El Papa Francisco quiere que agreguemos estas 2 oraciones al Santo Rosario en Octubre

El demonio está atacando con más furia que nunca a la Iglesia. El Papa Francisco es consiente de esto, así que nos ha pedido que en el mes de Octubre todos los fieles católicos del mundo recemos el Santo Rosario durante el mes mariano de octubre para unirnos en “comunión y penitencia, como pueblo de Dios, para pedir a santa Madre de Dios y a San Miguel Arcángel que protejan a la Iglesia del diablo, que siempre pretende separarnos de Dios y entre nosotros”.

Además, el Santo Padre nos ha pedido que agreguemos 2 antiguas oraciones al final del Santo Rosario: La invocación “Sub tuum praesídium” y la “oración a San Miguel Arcángel”.

La invocación “Sub tuum praesídium” 

Esta es la oración mariana más antigua de la Iglesia. Se ha podido encontrar en antiguos manuscritos cristianos que datan del año 250 d.C. lo cual significa que ya era usando desde antes; tal vez desde tiempos apostólicos.

Esta es la invocación en latín:

“Sub tuum praesídium confúgimus, sancta Dei Génetrix; nostras deprecatiónes ne despícias in necessitátibus, sed a perículis cunctis líbera nos semper, Virgo gloriósa et benedícta”.

Y en español:

Bajo tu amparo nos acogemos, santa Madre de Dios; no deseches las súplicas que te dirigimos en nuestras necesidades, antes bien, líbranos de todo peligro, ìoh, siempre virgen, gloriosa y bendita!

La oración a San Miguel Arcángel

El Santo Padre también ha pedido que el rezo del Santo Rosario durante el mes de octubre concluya con la oración escrita por León XIII.

En latín:

“Sancte Míchael Archángele, defénde nos in próelio; contra nequítiam et insídias diáboli esto praesídium.

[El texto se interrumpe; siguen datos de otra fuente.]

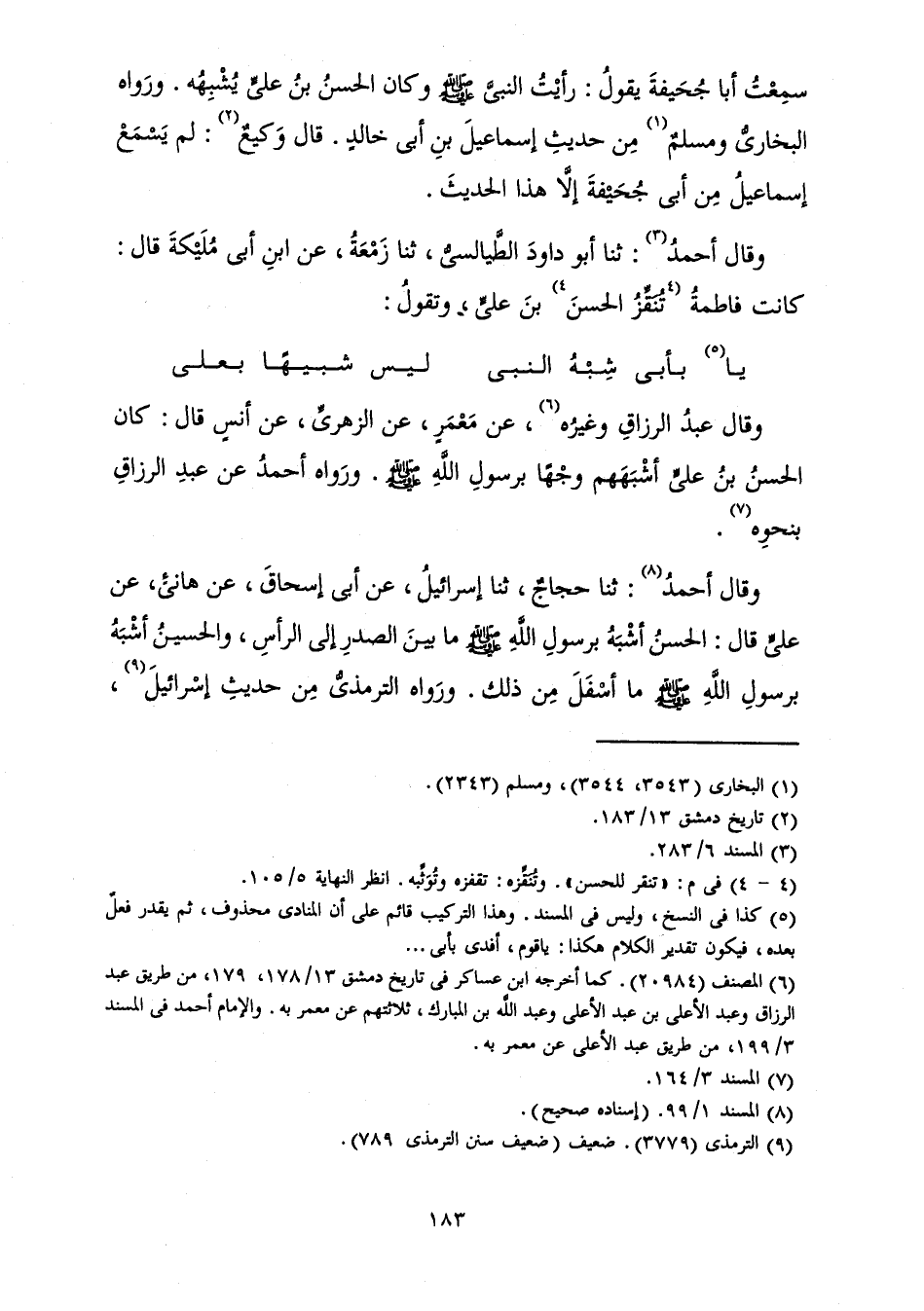 سَمِعْتُ أَبَا جُحَيْفَةَ يَقُولُ: «رَأَيْتُ النَّبِيَّ صَلَّى اللَّهُ عَلَيْهِ وَسَلَّمَ وَكَانَ الْحَسَنُ بْنُ عَلِيٍّ يُشْبِهُهُ.» وَرَوَاهُ الْبُخَارِيُّ وَمُسْلِمٌ مِنْ حَدِيثِ إِسْمَاعِيلَ بْنِ أَبِي خَالِدٍ. قَالَ وَكِيعٌ: لَمْ يَسْمَعْ إِسْمَاعِيلُ مِنْ أَبِي جُحَيْفَةَ إِلَّا هَذَا الْحَدِيثَ.

Imperet illi Deus, súpplices deprecámur, tuque, Prínceps milítiae caeléstis, Sátanam aliósque spíritus malígnos, qui ad perditiónem animárum pervagántur in mundo, divína virtúte, in inférnum detrúde. Amen”.

En español:

San Miguel Arcángel, defiéndenos en la lucha. Sé nuestro amparo contra la perversidad y asechanzas del demonio. Que Dios manifieste sobre él su poder, es nuestra humilde súplica. Y tú, oh Príncipe de la milicia celestial, con el poder que Dios te ha conferido, arroja al infierno a Satanás y a los demás espíritus malignos que vagan por el mundo para la perdición de las almas. Amén.

No olvides agregarlas en latín o en español al final del rezo del Santo Rosario. Aunque te recomendamos que lo hagas en latín ¡El demonio odia la lengua oficial de la Iglesia!